Wanna talk about number one

What I think, what I like, what I know, what I want , what I see

Wanna talk about hair.

(So Toby Keith doesn’t say the hair part.  Sorry, Toby.)

Let’s talk about ME first: the odds and ends, before I get into the distressing subject of hair.

Odds and Ends One: the Kaiser Show

Kaiser Permanente asked the Arts Council of Kern to hold a juried show, and from the works accepted, Kaiser would purchase some to hang in their new building in downtown, Bakersfield.  I almost didn’t enter, then thought photographs printed on canvas would be a winning combo.  And it was!  They purchased all three of my works- hip, hip, hooray!  Gosh it feels good to sell something, even if I barely recouped my costs.  I think this was fantastic of Kaiser to do for the community.

I did a triptych of poppies:


I cropped this poppy into a square and then flipped it.  So each end had a poppy leaning out of the triptych, and in the center there was a similar poppy but straight up.  They looked phenomenal printed on canvas.

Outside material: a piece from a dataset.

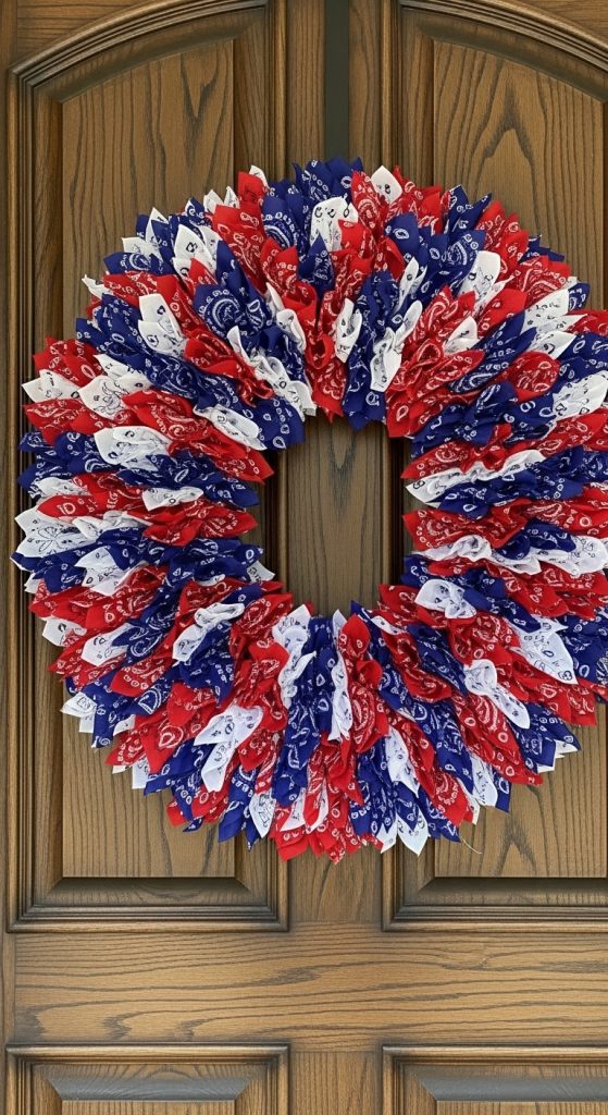 This is one of the easiest and most budget-friendly crafts. It uses red, white, and blue bandanas to create a full, fluffy wreath that is perfectly “Country Chic.”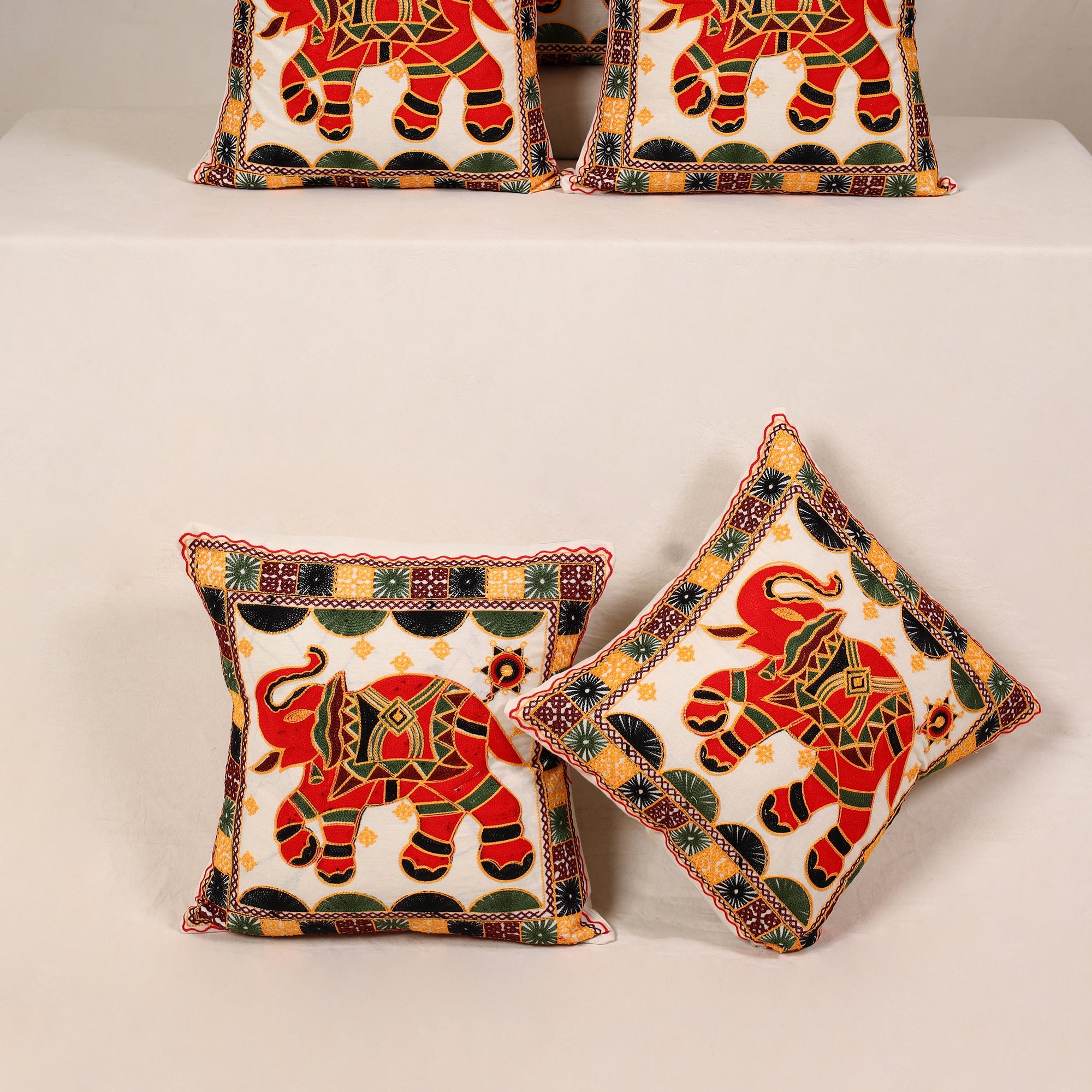 Red - Kutch Aari Hand Embroidery Cushion Cover (Set of 5) 14

Then I submitted two that were about 18×30:



Odds and Ends Two: Etsy

I don’t know about Etsy.  With so many wonderful hand-crafted articles out there, it seems awfully hard to carve out a market share.  I’ve sold a few photos, which is nutty because they look gorgeous printed on Velvet Fine Art paper, especially for the price.  So I’m trying something new – note cards.  I had some made for a trial run and they’re quite nice, so if they don’t sell, I’ll have some note cards.  If you want to take a look, there’s a link on the sidebar.  If you have any Etsy advice and are willing to share, please do!

And now, for the main event:  Wanna talk about HAIR

And I’m not talking about the musical.  I’m talking about us, in particular, women of a certain age. I’m talking gray. This is a vexing issue.  First, let’s just dispense with the dye question.  Without whatever color it is my stylist puts on my hair (it gets a lot of compliments), I’m quite sure I’d be gray.  I don’t think I’m ready to be gray yet, BUT…I’m starting to wonder what it would look like instead of rejecting the idea out of hand.  That must mean something.  I’d save so much money ($85 every four weeks), and I wouldn’t be putting chemicals on my head, close to my brain, so often.  Chemicals can’t be good.

Looking for hair in all the wrong places: Cue music (and apologies to Waylan Jennings)

I was looking for hair in all the wrong places
Looking for hair, on my head, not my face
Searching with my eyes, looking for traces
Of what…. I used to have on my head.
Hopin’ to find some growth and some color
God bless the day I discover
A thick head of hair…on my head. (end song)

Yes, the hair on our heads gets thinner as we age.  Can’t just pull it into a ponytail without artfully arranging it, or else bald spots will show.  Best to just wear it down.  BUT the ultimate insult is, while we are straining to fine enough hair on our head for some sort of style, it’s growing everywhere else! In all the wrong places.

This was demonstrated to me the last time I had my eyebrows waxed.  I mostly keep them up myself, but once in a while a wax is in order.  So I’m lying there, and the esthetician approaches me with scissors! While my head of hair is thinning, my brows are growing longer.  Great. I suppose men with bushy eyebrows are acceptable, but I can’t have them sticking up all over the place.

So now I have to trim my EYEBROWS.  And buy eyebrow wax to smooth them down.

Magnifying mirrors are a must.  Now and then, a stray hair will grow on my chin, under my chin, or at the side of what I suppose I need to call a moustache.  Sometimes it’s white, sometimes gray, always bristly.  Every morning I inspect my face for stray long hairs where they oughtn’t be.  Those suckers grow fast.

Finally, oh my, the esthetician waxed my moustache AND my NASAL hair.  It gets longer too.

This is some kind of perverse joke on us.  Hair growth goes haywire.  Hairs Gone Wild might be a popular video for the over 60 crowd.

There you have it.  Hair. In all the wrong places.